Add the Brussles sprouts, the remaining chestnuts, and the sauce, and toss together with pasta until heated through.  Add salt and pepper to taste and garnish with a few fresh shaves of parmesan.

Perfect meal for a snowed-in day!



For the love of broccoli

Broccoli is yet another member of the brassica family that is one of the few vegetables still locally available around here.  I picked some up at the farmer’s market on Saturday and was taken aback by its exorbitant price.  So, later that day, when I saw five lonely seedlings at the nursery  for just $2, I thought, what the heck, I’ll stick these in my garden and see what happens.  Maybe I’ll get a few stalks without paying through the nose!

Broccoli, as most are aware, is especially rich in essential vitamins and nutrients as well as certain anti-cancer compounds.  Though boiling reduces the concentration of these phytochemicals, other methods of preparation, such as steaming or microwaving, actually allow certain nutrients found in broccoli to be more readily accepted into our bodies.  I try to eat a brassica plant at least once a week and broccoli seems to be a favorite standby.  I always keep some frozen on hand, though I do prefer the texture when I start with fresh.

Last night, I used my farmer’s market broccoli for just a simple pasta dish — sauteed a LOT of garlic, added about a half cup of wine and pasta-cooking liquid to the pan, steamed the broccoli in this liquid for a few minutes, tossed with pasta, and seasoned with salt, pepper and crushed red pepper.

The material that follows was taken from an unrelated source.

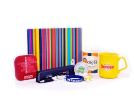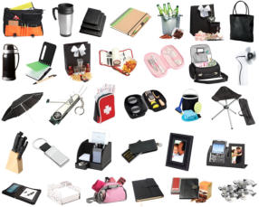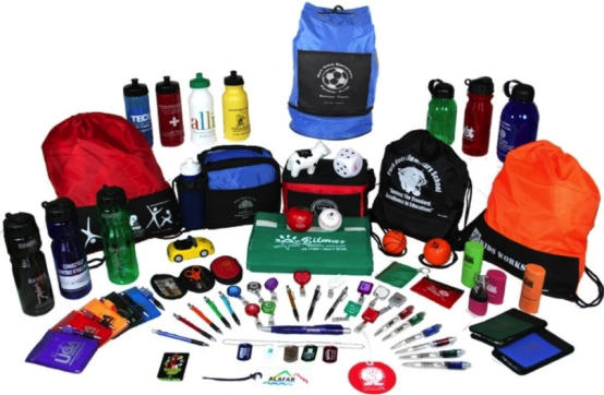 gadgets, bags, Homeware, sports gear, writing instruments as well as signage.

And of course a bit of grated parmesan.

Super delicious and healthy — and done in less than 20 minutes!



Winter pasta dish with roasted brussels sprouts

This time of year, lovely stalks of brussels sprouts start appearing in grocery stores.  Brussels sprouts are a member of the brassica family, and along with cousins broccoli, cabbage and kale, are known for their high nutrient content.  I did not always appreciate this vegetable, since it is often just boiled and served plain as a side.  But here is a dish that really highlights its rich and nutty flavor.

I was inspired by this recipe I found on finecooking.com:  Orechiette with Brussels Sprouts, Gorgonzola and Brown-Butter Pecans.  Personally, I am not a fan of heavy cream sauces so I replaced about half the cream in this recipe with white wine and vegetable broth (or some reserved pasta-cooking liquid).  I also altered some of the instructions, which shouldn’t make a huge difference in the outcome; it was more a result of being too lazy to look up the recipe again. Either way, it turned out deliciously!

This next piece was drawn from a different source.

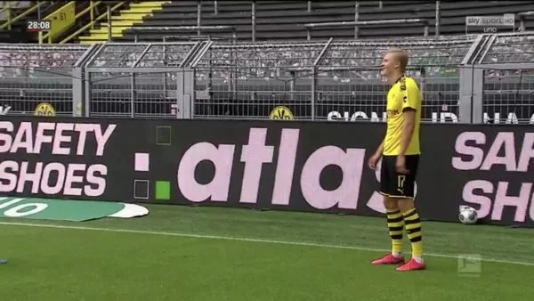 Il primo gol alla ripresa del grande calcio l’ha messo a segno il Borussia Dortmund nel derby contro lo Schalke 04. L’azione è stata bellissima con Brandt che con un tocco di tacco ha mandato in profondità sulla destra Thorgan Hazard, fratello di Eden del Real Madrid, che ha servito un preciso cross tagliato Erling Haaland.

To begin:  preheat oven to 500 degrees and start boiling a salted pot of water for the pasta.  I used orecchiette pasta in the picture above, and whole wheat conchiglie in the two at the bottom of this post.

Toast the pecans.  This was my favorite aspect of the dish, and toasting the nuts is extremely important to bring out their lovely flavor.  I just set them in a cast iron skillet (you can use any kind of skillet, really) over medium heat until they started browning and were highly fragrant.

Set these aside, and work on the brussels sprouts.  Slice the sprouts, using a food processor or by hand.  Coat in olive oil, add some salt and pepper and roast in the oven for about 15 minutes, until they start to look charred.

In the meantime, heat oil or butter in a large skillet, and add chopped shallots.  When translucent, add about a quarter cup of white wine, about a quarter cup of heavy cream, and another quarter cup of broth, and another of gorgonzola cheese.  Stir until cheese is melted.  You can adjust those amounts based on how thick you prefer your sauce — and how much you like gorgonzola.

Toss in the pecans and brussels sprouts, stir to coat and cook for a few more minutes to allow flavors to meld.

Just before pasta is done cooking, reserve a cup of the water and drain.  Toss the pasta in the skillet, adding some of the reserved water as necessary.  Cover and continue cooking, stirring and adding more water occasionally, until pasta is thoroughly done.

Yum!  This was a delicious and hearty main dish that is quick enough for a weeknight and packed with nutrition.